WHAT THE TASK REQUIRES:
An unchanged copy of each entry below is needed; keep the pictures out of it.

##### DATA EXTRACTS #####

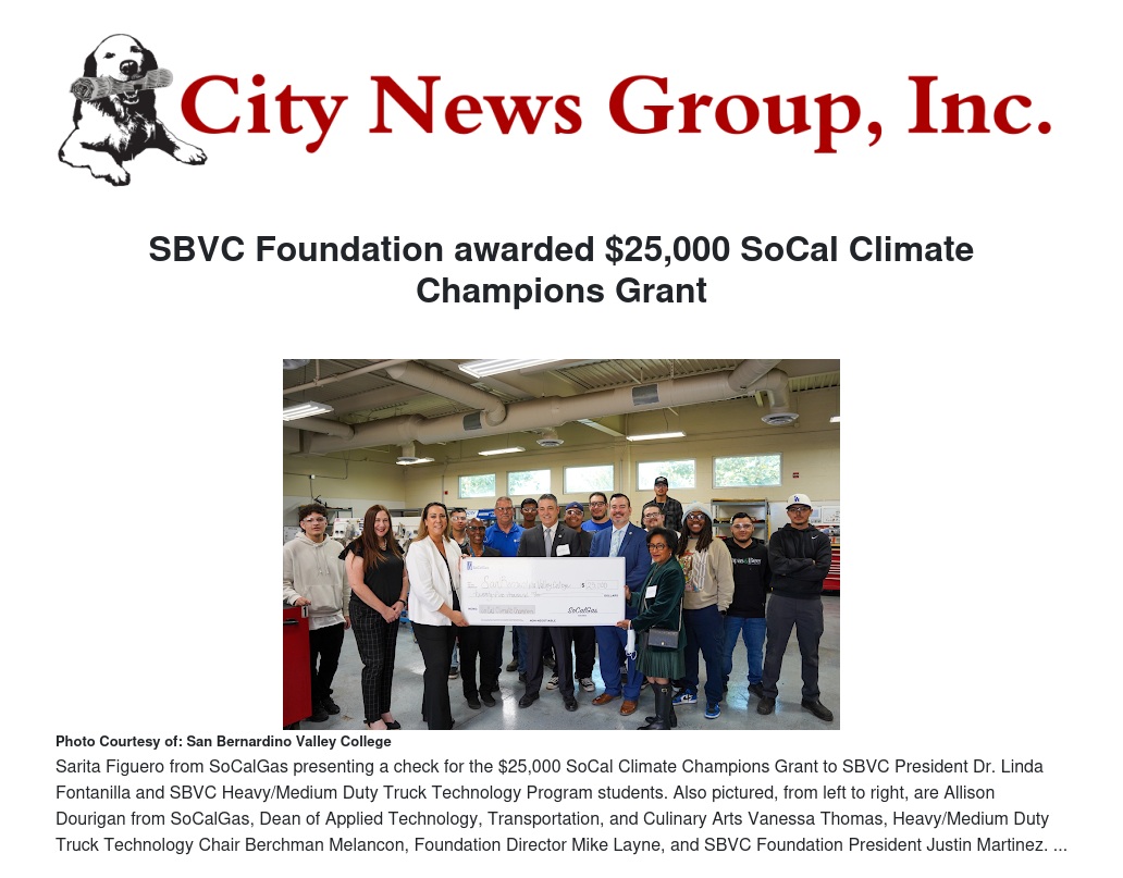 The natural gas utility company awarded the SoCal Climate Champions Grant to the SBVC Foundation in September 2023. The grant will aid in the purchase of additional training modules and classroom tools for a second lab section, supporting the growing interest and enrollment in the college's CNG/Clean Energy Training Expansion program.
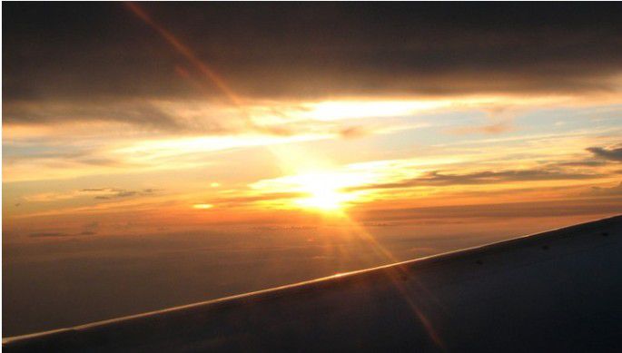 1个小时后机场巴士来到了2号航站楼(一定要搞搞清楚自己的航空公司,因为首都机场有3个航站楼),候机厅不开空调,好热。正式告别北京,在飞机上又看了次日落哈哈。
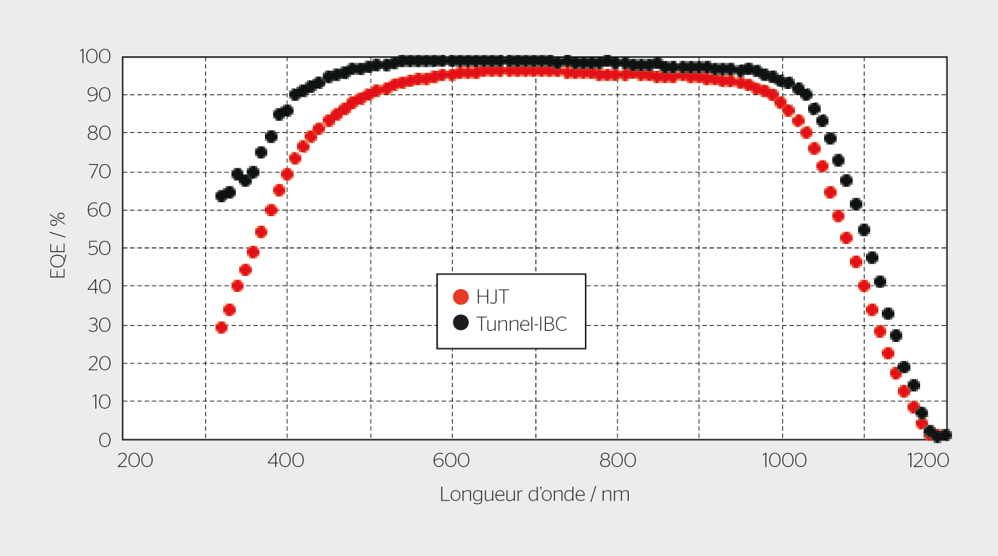 La figure 2 compare les efficacités quantiques externes (EQE) des cellules HJT et tunnel-IBC pour la gamme de longueur d’onde usuelle des photons incidents (de 300 à 1200 nm). Pour rappel, l’efficacité quantique externe correspond au rapport entre le nombre de charges électroniques collectées et le nombre de photons atteignant la cellule. Le gain de la technologie tunnel-IBC par rapport à la technologie HJT dans la partie UV-bleu-vert (de 300 à 500 nm) est clairement visible. La réflexion arrière est aussi optimisée, ce qui contribue à une meilleure génération de porteurs dans la partie infrarouge (à partir d’environ 700 nm) du spectre solaire. Ces caractéristiques permettent à la technologie tunnel-IBC d’être plus performante sur l’ensemble du spectre.
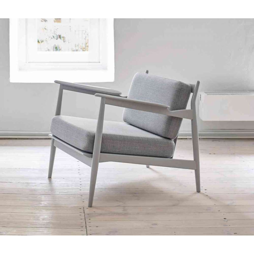 Model 107 został zaprojektowany w latach 50. XX wieku i pierwotnie wyprodukowany przez Magnusa Olesena w 1956 r. Detale krzesła odzwierciedlają słynny, klasyczny design tamtej epoki – Danish Modern. Krzesło reprezentuje podejście Ib Kofod-Larsen w najlepszym wydaniu: zaprojektowanie nieco masywnego, wygodnego fotela, a jednocześnie dodając mu elegancji i lekkości.
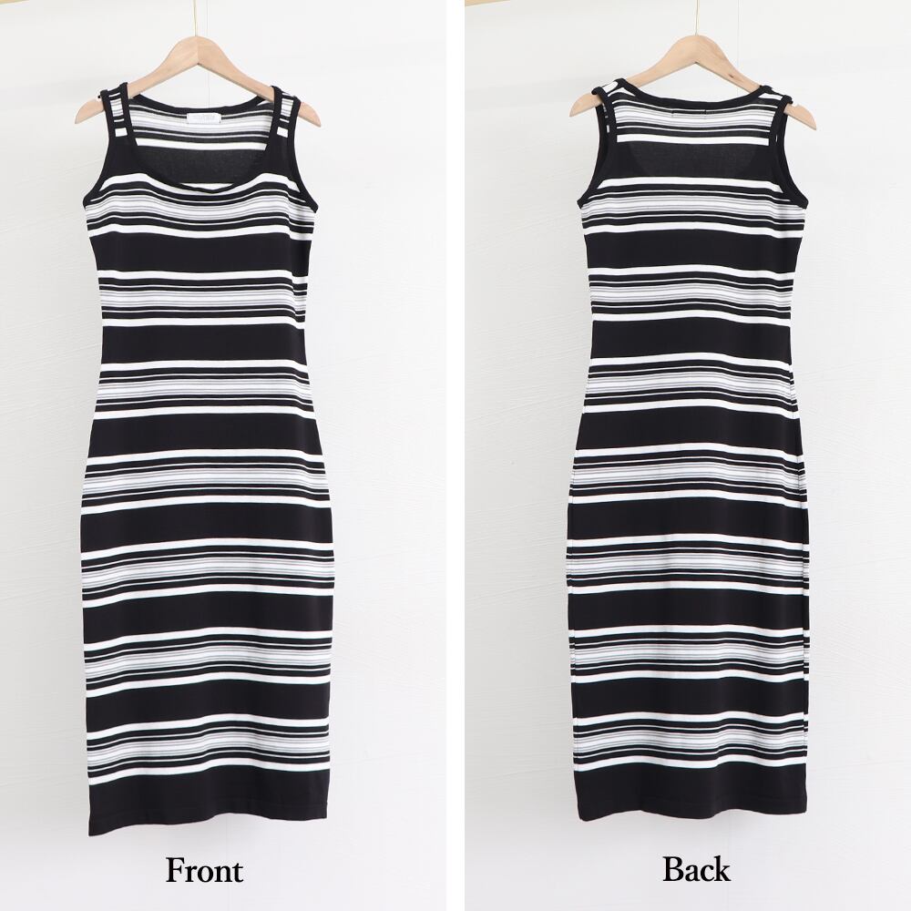 【日本倉庫即納】 ニットワンピース ボーダー柄タンクワンピ
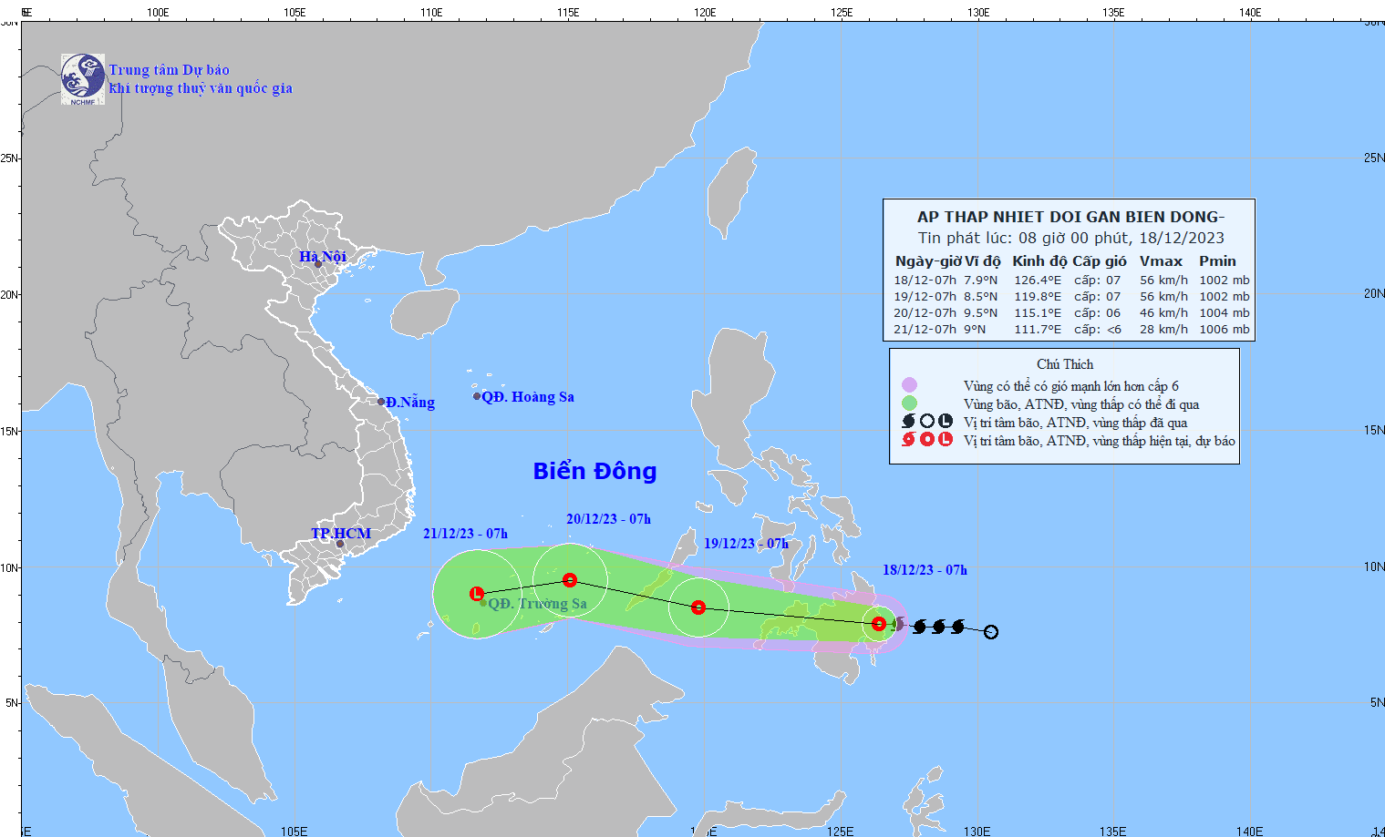 Đến 7h ngày 19/12, vị trí tâm áp thấp nhiệt đới ở vào khoảng 8,5 độ vĩ bắc; 119,8 độ kinh đông, trên vùng biển phía đông nam đảo Palawan (Philippines). Sức gió mạnh nhất vùng gần tâm áp thấp nhiệt đới mạnh cấp 6-7, giật cấp 9. Áp thấp nhiệt đới di chuyển theo hướng tây tây bắc, mỗi giờ đi được khoảng 25km.
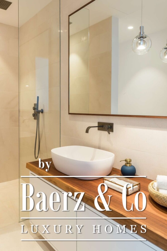 The upper level is designed for privacy, offering a master suite with dressing room, double shower, and a private patio with outdoor bath. Three further bedrooms each have en-suite bathrooms fitted with Antonio Lupi elements. A gym, elegant bodega, guest bathroom, and versatile basement extend the possibilities for well-being and entertaining. The independent guest apartment provides comfort for visitors or staff.
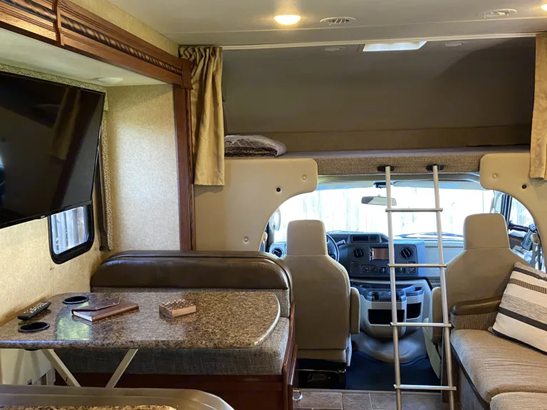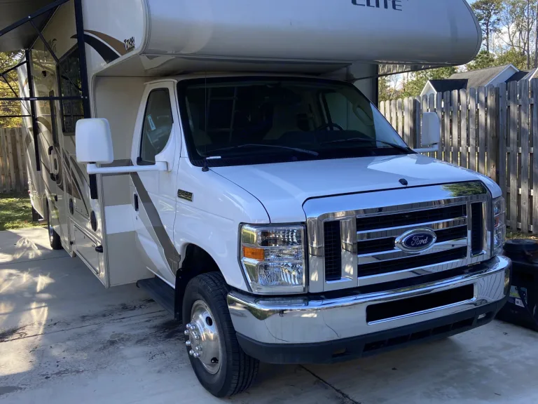 Travel with all the comfort and amenities of at A class motorhome, but not as intimidating. Enjoy this roomie C class that drives like a van. It has two slide outs and a built-in generator. Everything you need is automatic and at your fingertips. Enjoy camping at its finest both indoor and outdoor. Inside our coach sleeps six with a queen size bed in the master bedroom. It has a full bathroom including shower and everything you need in the kitchen. Along with flat screen TVs in the bedroom and living room. Hang out with your friends or enjoy a movie at night, just like at home!Or spend you time outside, our coach has an automatic awning with an outdoor kitchen for cooking and outdoor entertainment center. Sit back under the stars, around the fire and enjoy your evening.So if you’re looking for a trip close by in eastern North Carolina where you just want to have a coach set up at your destination or if you want to pick it up and drive it to California and back, check this coach out!

#####

ANSWER FOR THIS EXERCISE:
 The natural gas utility company awarded the SoCal Climate Champions Grant to the SBVC Foundation in September 2023. The grant will aid in the purchase of additional training modules and classroom tools for a second lab section, supporting the growing interest and enrollment in the college's CNG/Clean Energy Training Expansion program.
 1个小时后机场巴士来到了2号航站楼(一定要搞搞清楚自己的航空公司,因为首都机场有3个航站楼),候机厅不开空调,好热。正式告别北京,在飞机上又看了次日落哈哈。
 La figure 2 compare les efficacités quantiques externes (EQE) des cellules HJT et tunnel-IBC pour la gamme de longueur d’onde usuelle des photons incidents (de 300 à 1200 nm). Pour rappel, l’efficacité quantique externe correspond au rapport entre le nombre de charges électroniques collectées et le nombre de photons atteignant la cellule. Le gain de la technologie tunnel-IBC par rapport à la technologie HJT dans la partie UV-bleu-vert (de 300 à 500 nm) est clairement visible. La réflexion arrière est aussi optimisée, ce qui contribue à une meilleure génération de porteurs dans la partie infrarouge (à partir d’environ 700 nm) du spectre solaire. Ces caractéristiques permettent à la technologie tunnel-IBC d’être plus performante sur l’ensemble du spectre.
 Model 107 został zaprojektowany w latach 50. XX wieku i pierwotnie wyprodukowany przez Magnusa Olesena w 1956 r. Detale krzesła odzwierciedlają słynny, klasyczny design tamtej epoki – Danish Modern. Krzesło reprezentuje podejście Ib Kofod-Larsen w najlepszym wydaniu: zaprojektowanie nieco masywnego, wygodnego fotela, a jednocześnie dodając mu elegancji i lekkości.
 【日本倉庫即納】 ニットワンピース ボーダー柄タンクワンピ
 Đến 7h ngày 19/12, vị trí tâm áp thấp nhiệt đới ở vào khoảng 8,5 độ vĩ bắc; 119,8 độ kinh đông, trên vùng biển phía đông nam đảo Palawan (Philippines). Sức gió mạnh nhất vùng gần tâm áp thấp nhiệt đới mạnh cấp 6-7, giật cấp 9. Áp thấp nhiệt đới di chuyển theo hướng tây tây bắc, mỗi giờ đi được khoảng 25km.
 The upper level is designed for privacy, offering a master suite with dressing room, double shower, and a private patio with outdoor bath. Three further bedrooms each have en-suite bathrooms fitted with Antonio Lupi elements. A gym, elegant bodega, guest bathroom, and versatile basement extend the possibilities for well-being and entertaining. The independent guest apartment provides comfort for visitors or staff.
 Travel with all the comfort and amenities of at A class motorhome, but not as intimidating. Enjoy this roomie C class that drives like a van. It has two slide outs and a built-in generator. Everything you need is automatic and at your fingertips. Enjoy camping at its finest both indoor and outdoor. Inside our coach sleeps six with a queen size bed in the master bedroom. It has a full bathroom including shower and everything you need in the kitchen. Along with flat screen TVs in the bedroom and living room. Hang out with your friends or enjoy a movie at night, just like at home!Or spend you time outside, our coach has an automatic awning with an outdoor kitchen for cooking and outdoor entertainment center. Sit back under the stars, around the fire and enjoy your evening.So if you’re looking for a trip close by in eastern North Carolina where you just want to have a coach set up at your destination or if you want to pick it up and drive it to California and back, check this coach out!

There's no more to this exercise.